Pole, a grand-nephew of Edward IV, became a refugee from Henry VIII’s England in 1532 on religious grounds. He travelled to Italy, where he became a Cardinal in 1536 under the Farnese pope, Paul III. Pole’s career was dominated by his hostility to the English Reformation – a which resulted in the persecution of his family, and the execution of this mother – and by his determination to reform the Roman Catholic Church. Only with the coronation of Mary I could be return to England in 1554, dying there in 1558, a day after her reign began.
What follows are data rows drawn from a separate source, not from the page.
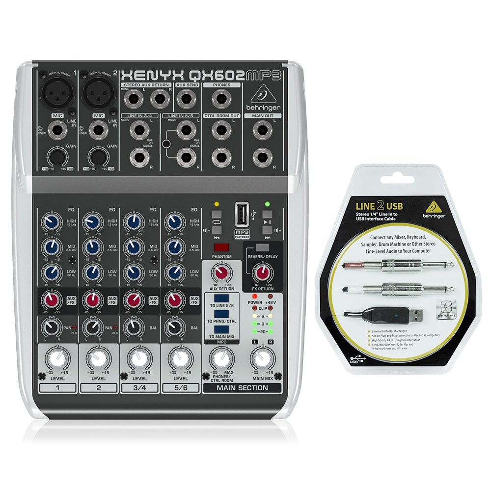 Behringer Xenyx QX602MP3 Mixer with USB MP3 Playback features:
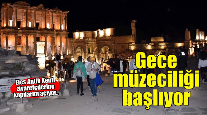 Efes Müze Müdürü Murat Kaleağasıoğlu, "Gece müzeciliği uygulaması geçen yıl başlatılmıştı. Sosyal medyada en popüler konulardan biri Celsus'un ışıklarının açılması olmuştu. Bu yıl da bütün ziyaretçileri Efes Antik Kenti'ne ve müzemize bekliyoruz" dedi. Efes Antik Kenti kazılarda bulunan ve çevreden toplanan eserlerin korunması amacıyla 1929 yılında Selçuk'ta oluşturulan depo, güney bölümünün inşası tamamlanarak 1964 yılından bu yana müze olarak ziyaretçilerini ağırlamaya başladı. 1976 yılında kuzey bölüm inşa edilerek genişletilen ve 2014 yılında onarım düzenleme çalışmalarıyla bugünkü şeklini alan Efes Müzesi teşhir bölümündeki 6 salon ve bir bahçesi ile birbirinden değerli arkeolojik eserlere ev sahipliği yapıyor. Artemis Heykeli, Kybele Adak stelleri, İmparator Domitian Heykel Başı, Traian Fil Dişi Firizi, Eros Başı gibi önemli eserlerin yer aldığı müzenin bugünden itibaren her çarşamba, perşembe, cuma ve cumartesi 19.00- 23.00 saatleri arasında ziyaretçilerini ağırlayacağını söyleyen Efes Müze Müdürü Murat Kaleağasıoğlu, yerli ve yabancı ziyaretçi sayılarının her geçen gün arttığını ifade etti.
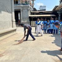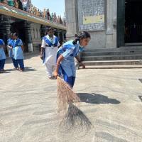 The project was executed by organizing a series of meaningful activities involving students. They exchanged friendship bands, created a rangoli on the 17 Sustainable Development Goals, and performed a skit on stampede awareness. Students also cleaned the Murugan temple premises, distributed rice bags and gloves to sanitation workers, and served lemon juice to the public, promoting service and social responsibility.
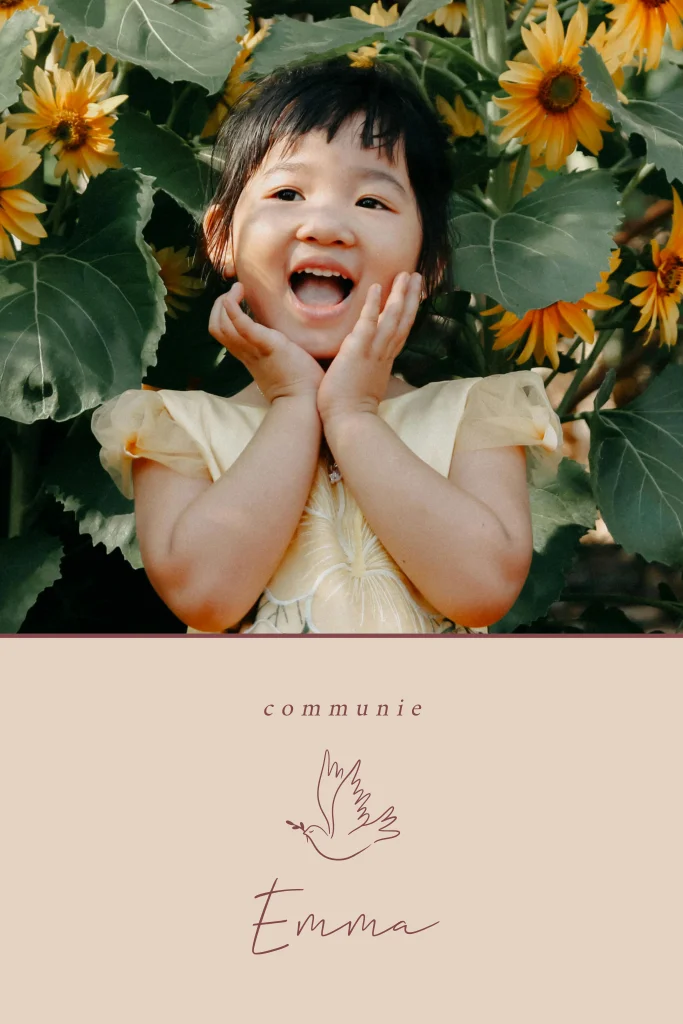 Communiekaartje met foto, roze achtergrond en duif
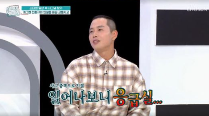 전환규는 "제가 사실 중학교 때부터 입시 운동을 했었다"며 "그러다가 체대 입시 실기시험을 보는 날 횡단보도에 (내가 탄) 차가 서 있었는데 뒤에서 트럭이 쾅 하고 부딪혔다"고 회상했다.

This is an interesting and captivating portrait – stylised and somewhat rigid, almost marble-like – but there is sadness here in his eyes which is blended with almost a sense of some fear, which considering his background is understandable, as poignantly caught by Sebastiano. The rigidity of the hands show a tenseness in his personality, as if the portrait itself conveys the tension of his life.

There is however, a real power here, and you are drawn to want to understand who this man was, and if this is the measure of the success of a portrait, then Sebastiano has succeeded.